Restate word for word the section of the entries that opens at the line containing "Задачи на смекалку:Подставьте" and closes at the line containing "Плато Аккегершин –", both lines kept, pictures dropped.

Records for this task section start

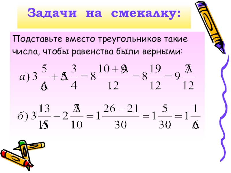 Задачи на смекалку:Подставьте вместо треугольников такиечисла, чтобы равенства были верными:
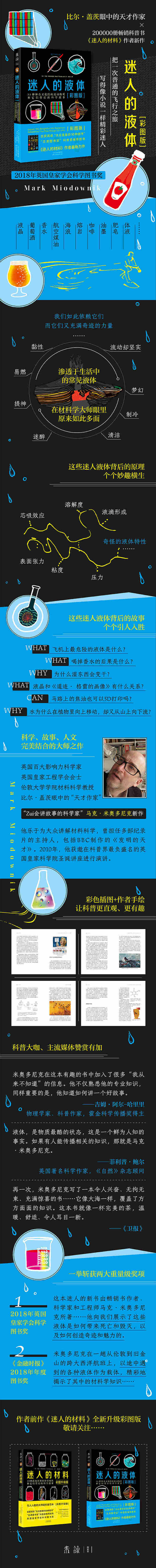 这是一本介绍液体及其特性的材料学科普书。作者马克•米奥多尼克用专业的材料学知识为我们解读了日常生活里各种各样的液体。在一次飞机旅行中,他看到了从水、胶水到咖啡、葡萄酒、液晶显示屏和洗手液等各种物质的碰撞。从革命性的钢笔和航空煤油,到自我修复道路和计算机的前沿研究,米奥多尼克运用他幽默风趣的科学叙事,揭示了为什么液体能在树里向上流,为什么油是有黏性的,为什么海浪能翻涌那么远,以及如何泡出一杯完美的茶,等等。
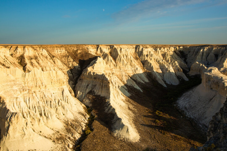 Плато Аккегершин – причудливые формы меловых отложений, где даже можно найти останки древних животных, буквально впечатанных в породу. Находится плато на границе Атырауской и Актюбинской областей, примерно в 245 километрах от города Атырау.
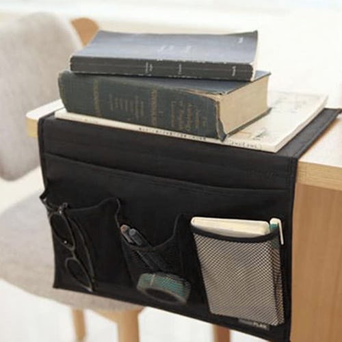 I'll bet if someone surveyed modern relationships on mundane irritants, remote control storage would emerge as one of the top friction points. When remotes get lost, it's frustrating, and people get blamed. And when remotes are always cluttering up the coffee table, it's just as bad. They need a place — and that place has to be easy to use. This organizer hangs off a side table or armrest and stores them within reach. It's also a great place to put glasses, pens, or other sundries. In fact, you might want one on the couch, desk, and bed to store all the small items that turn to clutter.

Records for this task section end
Records for this task section start

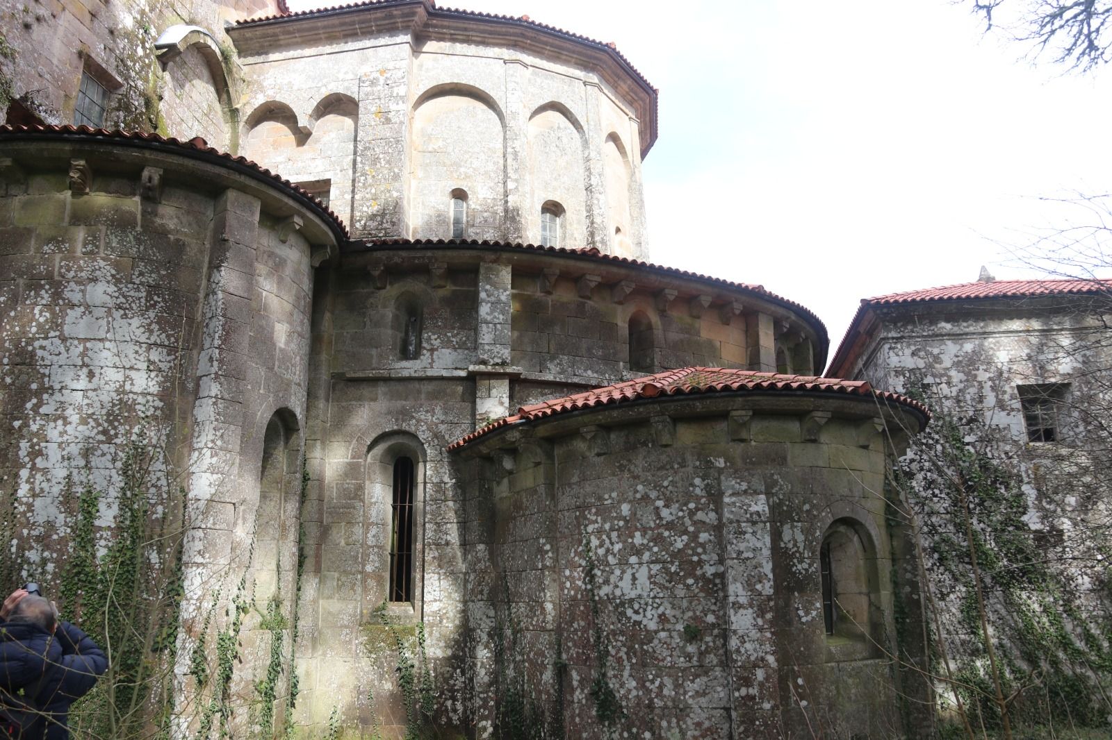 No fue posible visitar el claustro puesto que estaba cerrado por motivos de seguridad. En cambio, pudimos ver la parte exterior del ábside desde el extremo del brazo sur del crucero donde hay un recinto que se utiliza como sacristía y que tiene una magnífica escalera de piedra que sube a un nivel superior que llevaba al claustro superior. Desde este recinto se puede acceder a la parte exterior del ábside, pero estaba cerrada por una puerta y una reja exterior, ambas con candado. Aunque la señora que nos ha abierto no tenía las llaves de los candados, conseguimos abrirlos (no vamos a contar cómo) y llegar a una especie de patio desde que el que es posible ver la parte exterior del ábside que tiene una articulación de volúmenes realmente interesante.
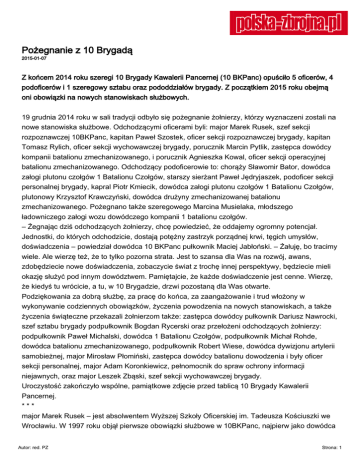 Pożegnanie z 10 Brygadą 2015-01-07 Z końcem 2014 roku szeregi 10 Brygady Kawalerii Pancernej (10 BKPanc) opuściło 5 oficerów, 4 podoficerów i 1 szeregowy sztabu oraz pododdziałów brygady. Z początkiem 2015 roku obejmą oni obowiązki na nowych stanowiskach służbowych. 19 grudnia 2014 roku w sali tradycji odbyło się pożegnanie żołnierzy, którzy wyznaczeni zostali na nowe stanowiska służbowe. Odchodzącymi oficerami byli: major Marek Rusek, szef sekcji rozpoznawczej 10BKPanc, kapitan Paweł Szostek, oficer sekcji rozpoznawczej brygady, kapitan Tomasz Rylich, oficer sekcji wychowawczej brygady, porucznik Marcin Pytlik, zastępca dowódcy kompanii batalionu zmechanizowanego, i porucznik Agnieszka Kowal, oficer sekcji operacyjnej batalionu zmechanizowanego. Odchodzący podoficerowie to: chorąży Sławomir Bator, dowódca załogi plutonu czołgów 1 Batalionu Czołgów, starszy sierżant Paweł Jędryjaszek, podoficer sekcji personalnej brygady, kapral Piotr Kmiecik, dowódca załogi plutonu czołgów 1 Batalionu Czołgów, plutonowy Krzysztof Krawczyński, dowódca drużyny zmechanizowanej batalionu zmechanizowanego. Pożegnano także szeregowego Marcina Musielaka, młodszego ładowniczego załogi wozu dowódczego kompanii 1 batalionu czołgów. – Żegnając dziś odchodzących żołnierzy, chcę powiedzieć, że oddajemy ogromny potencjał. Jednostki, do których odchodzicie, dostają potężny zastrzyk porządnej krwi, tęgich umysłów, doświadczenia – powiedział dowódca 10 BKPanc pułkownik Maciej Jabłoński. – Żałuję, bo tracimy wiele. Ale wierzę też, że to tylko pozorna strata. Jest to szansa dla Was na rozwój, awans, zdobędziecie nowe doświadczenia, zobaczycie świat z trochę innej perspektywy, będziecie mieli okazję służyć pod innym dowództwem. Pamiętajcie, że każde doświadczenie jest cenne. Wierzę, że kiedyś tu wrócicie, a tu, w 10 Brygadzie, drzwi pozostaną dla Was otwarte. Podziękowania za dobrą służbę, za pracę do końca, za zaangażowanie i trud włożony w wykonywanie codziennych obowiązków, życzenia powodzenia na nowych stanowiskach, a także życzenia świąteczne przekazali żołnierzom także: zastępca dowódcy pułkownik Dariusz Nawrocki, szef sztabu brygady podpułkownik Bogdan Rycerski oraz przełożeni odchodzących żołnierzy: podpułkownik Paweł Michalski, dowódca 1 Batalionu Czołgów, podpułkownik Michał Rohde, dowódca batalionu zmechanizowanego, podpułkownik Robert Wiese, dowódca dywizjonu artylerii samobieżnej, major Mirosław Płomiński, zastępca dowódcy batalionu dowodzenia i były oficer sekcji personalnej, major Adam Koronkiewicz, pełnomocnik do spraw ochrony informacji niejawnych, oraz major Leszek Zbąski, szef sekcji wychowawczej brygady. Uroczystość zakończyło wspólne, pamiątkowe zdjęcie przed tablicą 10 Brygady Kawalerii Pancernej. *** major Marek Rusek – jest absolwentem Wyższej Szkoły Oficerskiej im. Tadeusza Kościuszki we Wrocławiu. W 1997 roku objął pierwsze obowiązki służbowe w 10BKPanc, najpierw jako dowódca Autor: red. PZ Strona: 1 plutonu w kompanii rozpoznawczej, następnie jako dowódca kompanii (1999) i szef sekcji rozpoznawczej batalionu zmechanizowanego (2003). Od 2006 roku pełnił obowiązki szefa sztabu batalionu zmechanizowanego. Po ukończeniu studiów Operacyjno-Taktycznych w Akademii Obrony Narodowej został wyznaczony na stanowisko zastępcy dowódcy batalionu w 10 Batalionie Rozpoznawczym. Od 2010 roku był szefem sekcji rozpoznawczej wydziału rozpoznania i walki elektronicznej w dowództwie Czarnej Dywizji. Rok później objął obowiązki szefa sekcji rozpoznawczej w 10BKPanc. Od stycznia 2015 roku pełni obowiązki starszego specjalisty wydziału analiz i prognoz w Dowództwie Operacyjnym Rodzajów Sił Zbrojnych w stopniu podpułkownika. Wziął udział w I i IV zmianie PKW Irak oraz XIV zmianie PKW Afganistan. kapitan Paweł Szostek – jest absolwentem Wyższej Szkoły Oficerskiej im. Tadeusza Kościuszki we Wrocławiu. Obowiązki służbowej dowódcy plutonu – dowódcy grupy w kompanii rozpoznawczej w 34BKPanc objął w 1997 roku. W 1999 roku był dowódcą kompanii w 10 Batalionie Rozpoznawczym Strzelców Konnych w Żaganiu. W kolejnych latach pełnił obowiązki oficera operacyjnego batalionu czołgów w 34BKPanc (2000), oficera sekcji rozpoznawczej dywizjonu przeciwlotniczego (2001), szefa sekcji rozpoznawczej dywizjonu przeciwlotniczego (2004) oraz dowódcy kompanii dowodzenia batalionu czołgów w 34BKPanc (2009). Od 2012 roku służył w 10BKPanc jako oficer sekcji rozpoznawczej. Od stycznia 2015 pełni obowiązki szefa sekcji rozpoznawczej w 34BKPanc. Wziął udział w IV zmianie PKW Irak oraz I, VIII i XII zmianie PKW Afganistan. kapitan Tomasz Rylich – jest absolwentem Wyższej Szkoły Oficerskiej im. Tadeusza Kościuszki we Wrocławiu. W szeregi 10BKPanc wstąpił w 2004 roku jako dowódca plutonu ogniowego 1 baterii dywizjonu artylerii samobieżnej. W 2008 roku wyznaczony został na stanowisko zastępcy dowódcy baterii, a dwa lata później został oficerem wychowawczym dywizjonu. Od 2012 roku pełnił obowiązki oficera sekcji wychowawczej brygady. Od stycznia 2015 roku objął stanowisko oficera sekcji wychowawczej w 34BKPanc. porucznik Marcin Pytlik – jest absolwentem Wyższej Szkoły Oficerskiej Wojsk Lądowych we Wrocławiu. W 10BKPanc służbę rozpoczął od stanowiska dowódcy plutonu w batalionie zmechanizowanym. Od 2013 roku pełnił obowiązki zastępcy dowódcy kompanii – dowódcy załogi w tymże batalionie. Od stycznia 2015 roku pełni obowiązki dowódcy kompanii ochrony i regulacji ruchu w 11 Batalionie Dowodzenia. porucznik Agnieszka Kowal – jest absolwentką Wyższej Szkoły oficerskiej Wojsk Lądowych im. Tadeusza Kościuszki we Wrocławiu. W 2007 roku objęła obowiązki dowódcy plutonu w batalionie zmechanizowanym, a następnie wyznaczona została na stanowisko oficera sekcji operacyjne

Records for this task section end

» Response box
 Задачи на смекалку:Подставьте вместо треугольников такиечисла, чтобы равенства были верными:
 这是一本介绍液体及其特性的材料学科普书。作者马克•米奥多尼克用专业的材料学知识为我们解读了日常生活里各种各样的液体。在一次飞机旅行中,他看到了从水、胶水到咖啡、葡萄酒、液晶显示屏和洗手液等各种物质的碰撞。从革命性的钢笔和航空煤油,到自我修复道路和计算机的前沿研究,米奥多尼克运用他幽默风趣的科学叙事,揭示了为什么液体能在树里向上流,为什么油是有黏性的,为什么海浪能翻涌那么远,以及如何泡出一杯完美的茶,等等。
 Плато Аккегершин – причудливые формы меловых отложений, где даже можно найти останки древних животных, буквально впечатанных в породу. Находится плато на границе Атырауской и Актюбинской областей, примерно в 245 километрах от города Атырау.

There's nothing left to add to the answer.